I want to ask her what’s wrong. Ask who I need to bury for making her look that way.

But I can’t do that.

Because she can’t know that I’m here. Watching.

If King could see me now, huddled up in an unoccupied apartment across the street from Payton’s place, using binoculars to soak in every detail of her life, he’d laugh his fucking ass off.

But there’s just something about this woman that I can’t shake.

I know it’s insane. Certifiably psychotic. But considering I’ve probably killed more people than I’ve fucked, I’m not really concerned about the state of my mental health anymore.

She moves, and I focus my gaze to watch as she brushes the backs of her hands over her cheeks.

My fingers tighten around the binoculars. “Who made you cry?”

It’s her air of innocence. That’s what gets me. What draws me to her.

It doesn’t even make sense. Not after what King pulled up about her past. About all the ER visits. The stitches.

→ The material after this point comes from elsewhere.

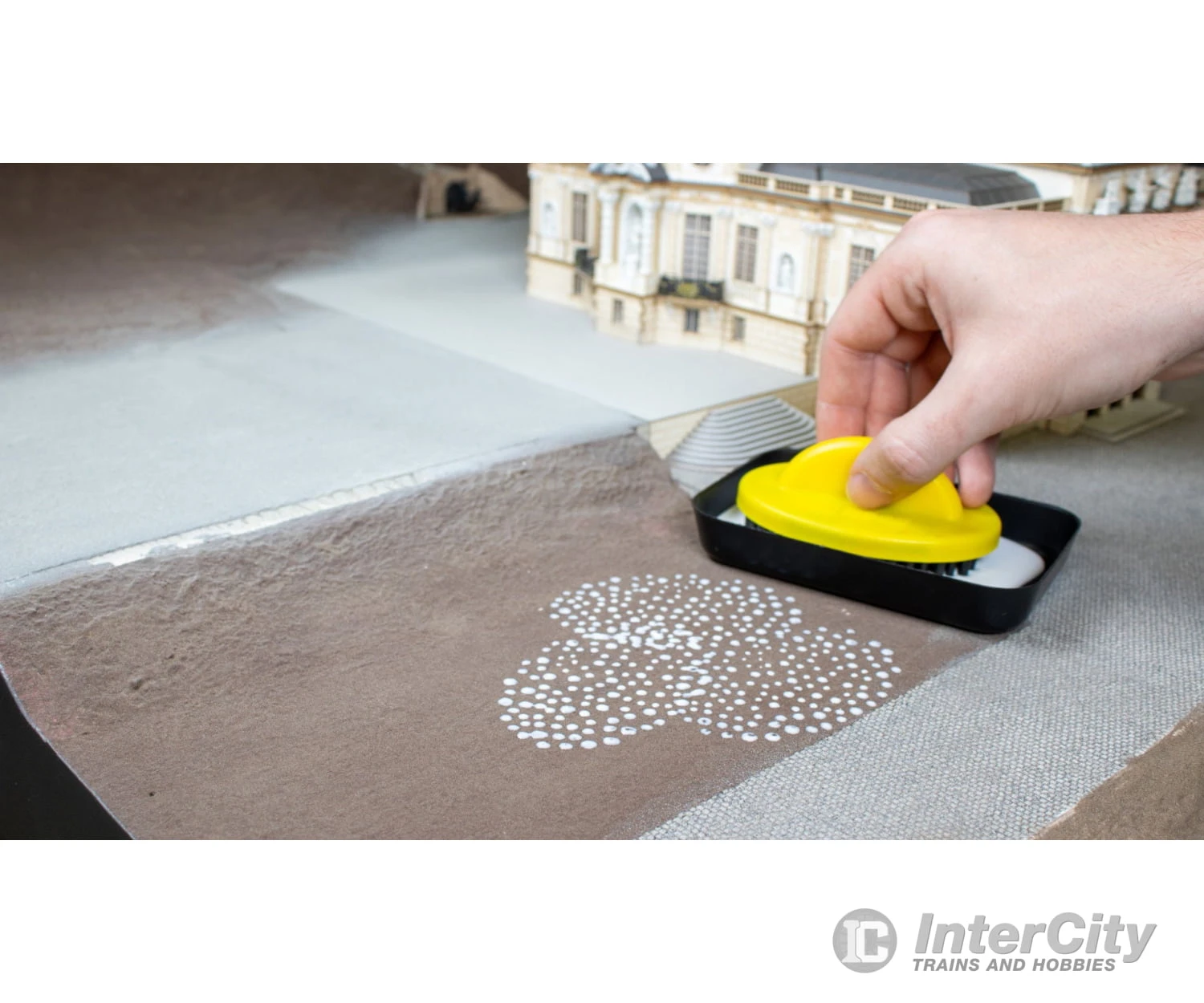 The set contains two stamp sizes: a large one for wide meadows and a small one for precise work, e.g. on railroad embankments. The enclosed adhesive tray makes application easier. After use, simply clean the stamps with water.

The fractured bones. With everything she’s been through, she shouldn’t feel so… precious.

The plastic pops with a crack under my grip.

You need to leave her alone. Knowing you will only cause her more pain.

I’ve told myself this same thing, time and time again.

I can only offer her danger and heartache. There’s nothing safe about knowing me. No matter how much I wish it were different.

Slowly, I lower my hands. The magnified view of my obsession slipping away.

My eyes stay on her, but I’ve lost her features. Her sorrowful eyes now hidden by distance.